Recently used xlsx package, works well.
library(xlsx)
write.xlsx(x, file, sheetName="Sheet1")
where x is a data.frame
writexl, without Java requirement:
# install.packages("writexl")
library(writexl)
tempfile <- write_xlsx(iris)
The WriteXLS function from the WriteXLS package can write data to Excel.
Alternatively, write.xlsx from the xlsx package will also work.
One could also use the readODS package. Granted it doesn't produce an .xlsx, but Excel can read Open Document Spreadsheet (ODS) / LibreOffice files too.
require(readODS)
tmp = file.path(tempdir(), 'iris.ods')
write_ods(iris, tmp)
If I might offer an alternative, you could also save your dataframe in a regular csv file, and then use the "get data" function within Excel to import the dataframe. This worked like a charm for me, and you need not bother with any excel packages in R.
Here is a way to write data from a dataframe into an excel file by different IDs and into different tabs (sheets) by another ID associated to the first level id. Imagine you have a dataframe that has email_address as one column for a number of different users, but each email has a number of 'sub-ids' that have all the data.
data <- tibble(id = c(1,2,3,4,5,6,7,8,9), email_address = c(rep('aaa#aaa.com',3), rep('bbb#bbb.com', 3), rep('ccc#ccc.com', 3)))
So ids 1,2,3 would be associated with aaa#aaa.com. The following code splits the data by email and then puts 1,2,3 into different tabs. The important thing is to set append = True when writing the .xlsx file.
temp_dir <- tempdir()
for(i in unique(data$email_address)){
data %>%
filter(email_address == i) %>%
arrange(id) -> subset_data
for(j in unique(subset_data$id)){
write.xlsx(subset_data %>% filter(id == j),
file = str_c(temp_dir,"/your_filename_", str_extract(i, pattern = "\\b[A-Za-z0-
9._%+-]+"),'_', Sys.Date(), '.xlsx'),
sheetName = as.character(j),
append = TRUE)}
}
The regex gets the name from the email address and puts it into the file-name.
Hope somebody finds this useful. I'm sure there's more elegant ways of doing this but it works.
Btw, here is a way to then send these individual files to the various email addresses in the data.frame. Code goes into second loop [j]
send.mail(from = "sender#sender.com",
to = i,
subject = paste("Your report for", str_extract(i, pattern = "\\b[A-Za-z0-9._%+-]+"), 'on', Sys.Date()),
body = "Your email body",
authenticate = TRUE,
smtp = list(host.name = "XXX", port = XXX,
user.name = Sys.getenv("XXX"), passwd = Sys.getenv("XXX")),
attach.files = str_c(temp_dir, "/your_filename_", str_extract(i, pattern = "\\b[A-Za-z0-9._%+-]+"),'_', Sys.Date(), '.xlsx'))

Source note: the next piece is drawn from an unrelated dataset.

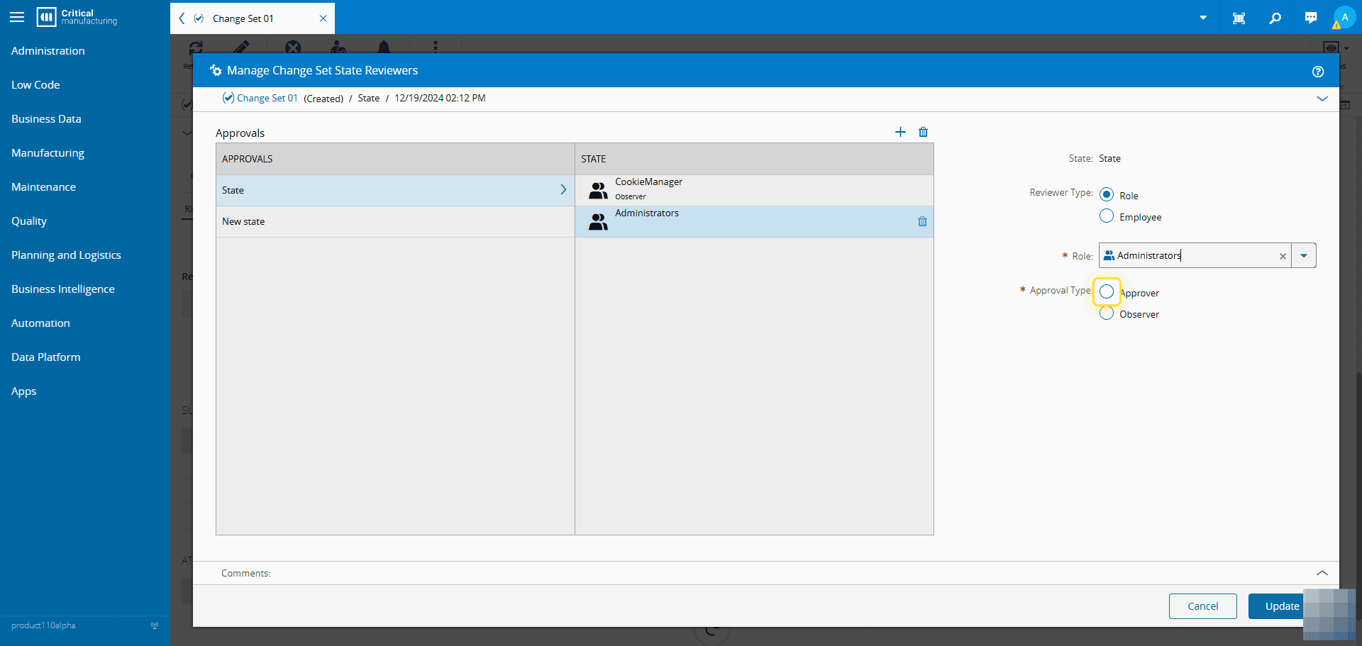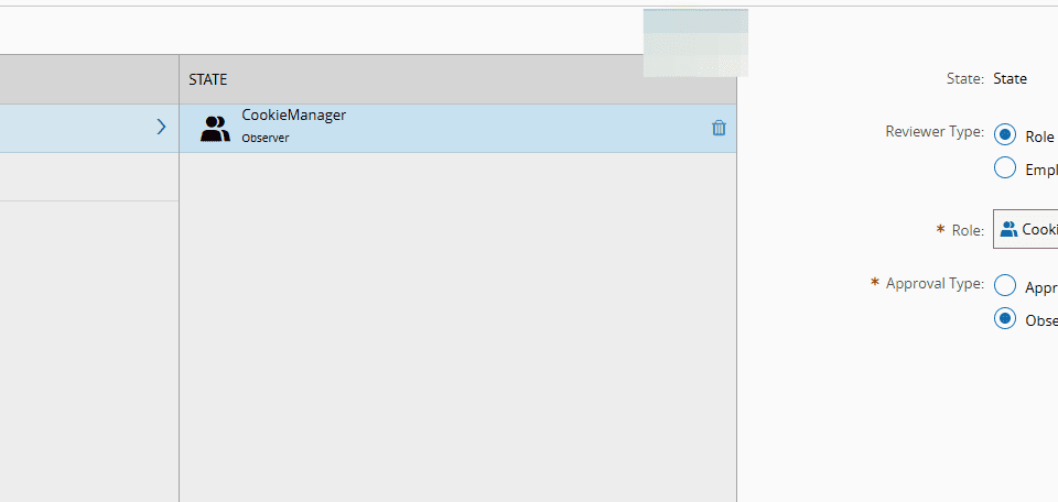When managing the information on state reviewers and adding a reviewer, the system asks for the Approval Role or Employee in the specific state to be set.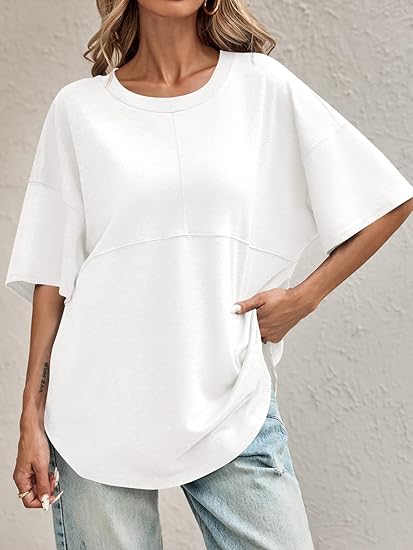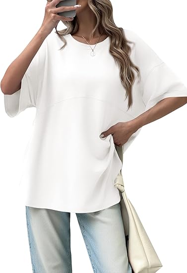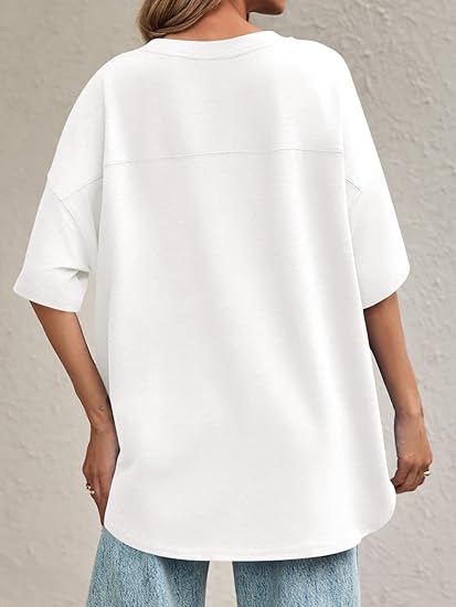 Perfect for casual streetwear, lounging, or layering. Pair it with biker shorts for an urban sporty vibe, tuck it into jeans for a chic minimal look, or wear it as a longline tee over leggings. This oversized white T-shirt is a wardrobe essential that blends comfort with timeless simplicity.

I have been trying out the different packages including the function:
install.packages ("prettyR")
library (prettyR)
delimit.table (Corrvar,"Name the csv.csv") ## Corrvar is a name of an object from an output I had on scaled variables to run a regression.
However I tried this same code for an output from another analysis (occupancy models model selection output) and it did not work. And after many attempts and exploration I:
copied the output from R (Ctrl+c)
in Excel sheet I pasted it (Ctrl+V)
Select the first column where the data is
In the "Data" vignette, click on "Text to column"

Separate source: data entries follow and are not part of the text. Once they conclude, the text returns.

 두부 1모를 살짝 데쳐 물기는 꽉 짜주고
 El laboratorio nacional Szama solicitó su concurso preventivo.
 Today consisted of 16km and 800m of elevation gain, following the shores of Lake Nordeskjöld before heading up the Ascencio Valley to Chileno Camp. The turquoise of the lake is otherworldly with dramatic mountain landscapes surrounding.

Select Delimited option, click next
Tick space box in "Separator", click next
Click Finalize (End)
Your output now should be in a form you can manipulate easy in excel. So perhaps not the fanciest option but it does the trick if you just want to explore your data in another way.
PS. If the labels in excel are not the exact one it is because Im translating the lables from my spanish excel.